In order to identify individual radiation source signals under small sample conditions, more sample data need to be obtained, so small changes are made to the existing data sets, such as rotation, shift, flip, etc., to enhance the sample data. Aiming at the time-frequency domain characteristics of OFDM signals, combined with the periodic characteristics of the signal, a method of data enhancement by flipping in the phase domain and time domain is proposed.

In the phase domain, the Hilbert transform is a commonly used method in signal processing. By inverting the phase of the original signal, different angles of the signal are displayed. The Hilbert transform method is used to convolve the signal to construct the time-frequency of the target. Parses the signal, enabling enhancements.

Assuming an existing signal s(t), then define the Hilbert transform of the signal s(t) as

(3)

It can be known from the above formula that H(s(t)) is the convolution of s(t) and 1/(πt). By looking up the table to solve, we can get:

(4)

In the formula: j is the imaginary unit; ω is the angular frequency.

Therefore, |H(s(t))|=1, let:

Introduce Euler's formula ejφ0n=cos ω0n+jsin ω0n, from Euler's formula, when cos ω0n+jsin ω0n=-j, ω0n=-π/2, namely φ(ω)=-π/2(ω>0 ). Similarly φ(ω)=π/2(ω<0), we can get:

(5)

It can be seen from the above formula that when the frequency is greater than 0, the phase shifts to the left by 90°, otherwise, it shifts to the right by 90°, thus realizing the signal inversion in the phase domain.

In the time domain, in view of the periodic characteristics of the signal, the 1200 OFDM effective signals contained in each subcarrier in the 100 ms original signal data are horizontally flipped, and the flipped subcarriers are recombined into a 108 subcarrier OFDM signal, form new training samples, expand the training set, improve the overall performance, so as to achieve the purpose of data enhancement.

1.4    Transfer Learning Method Based on Source Domain Instances

Electromagnetic signals are difficult to intercept, which makes it difficult for the collected signals to cover a large number of radiation source targets. Therefore, when new target signals appear, it is necessary to migrate the existing individual recognition models. In order to achieve faster model migration and achieve better The recognition effect usually requires a large amount of labeled data. Under the condition of small samples, it is necessary to make full use of the existing labeled data to improve the learning effect of the transfer model. Therefore, an example-based transfer learning method based on source domain data is proposed. .

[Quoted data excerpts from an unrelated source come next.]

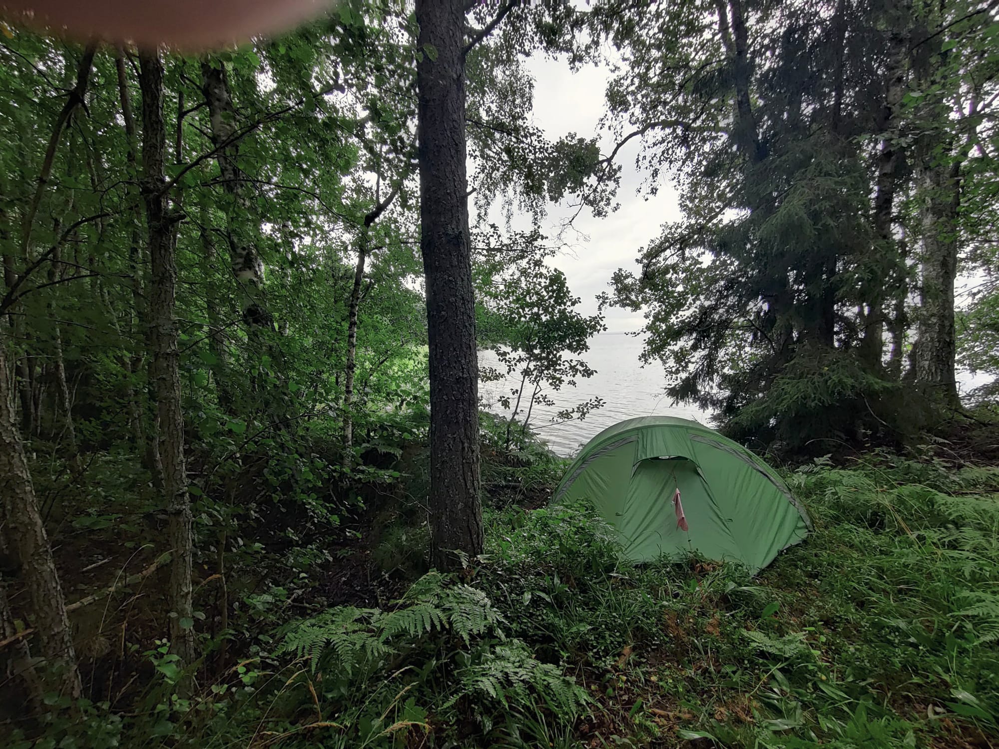 Nach einiger Sucherei finden wir am Ufer des Skagernsees trotzdem einen schönen Platz, auch wenn wir eigentlich zu dicht an einer Hütte stehen - da dort aber gerade niemand ist, geht das, aber so richtig wohl fühle ich mich trotzdem nicht.
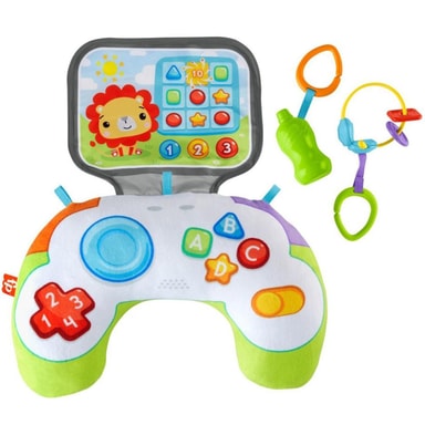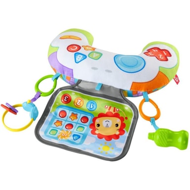 Den mjuka magkudden stöder ditt nyfödda barn och garanterar god komfort medan du njuter av lektiden med den sprakande skärmen, headsetskramlet och energidrycksskramlet som sitter fast på kudden. Din lilla spelare kan vässa sina grovmotoriska färdigheter och stimulera sinnena med roliga ljud och texturer medan han spelar på magen.
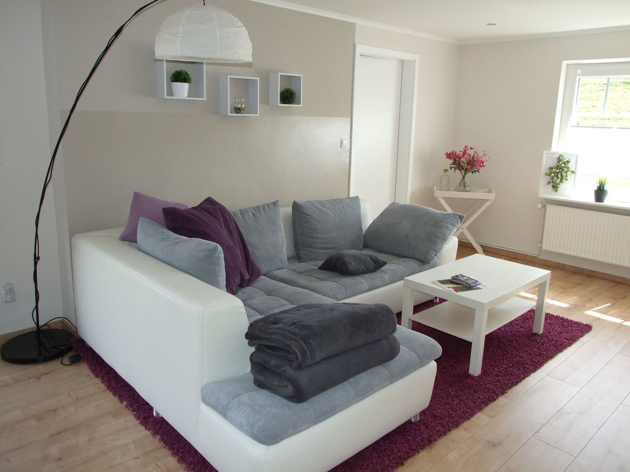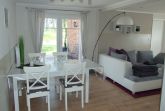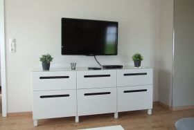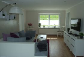 Die Aufteilung der Räume erstreckt sich über einen offenen Wohn - u. Essbereich mit hochwertiger Einbauküche, sowie ein kleines und ein großes Schlafzimmer, 2 Fluren, HW-raum und einem schönen Bad, welches stilvoll gefliest wurde und mit einer ebenerdigen Dusche ausgestattet ist.

Collect sample data of 5 mobile phones of the same brand and model, and complete model training under the proposed classification and recognition method. After new mobile phone samples of different brands or the same brand and model appear, use the trained model to initialize the new mobile phone recognition task model parameters, that is, select data similar to the target domain from the source domain as the training set of the new task pre-training model. Therefore, the data sources of the new and old recognition tasks have certain similarities, which is equivalent to expanding the new task training set, fully The characteristics of electromagnetic signal data are used. This method improves the robustness of the model, speeds up the fitting speed of network parameters, and can achieve better recognition accuracy faster.

As shown in Figure 5, the same source old data is used to train the old model on the shared network, and then the model parameters of the old model are used to initialize the training of the target task, so as to achieve the purpose of knowledge transfer.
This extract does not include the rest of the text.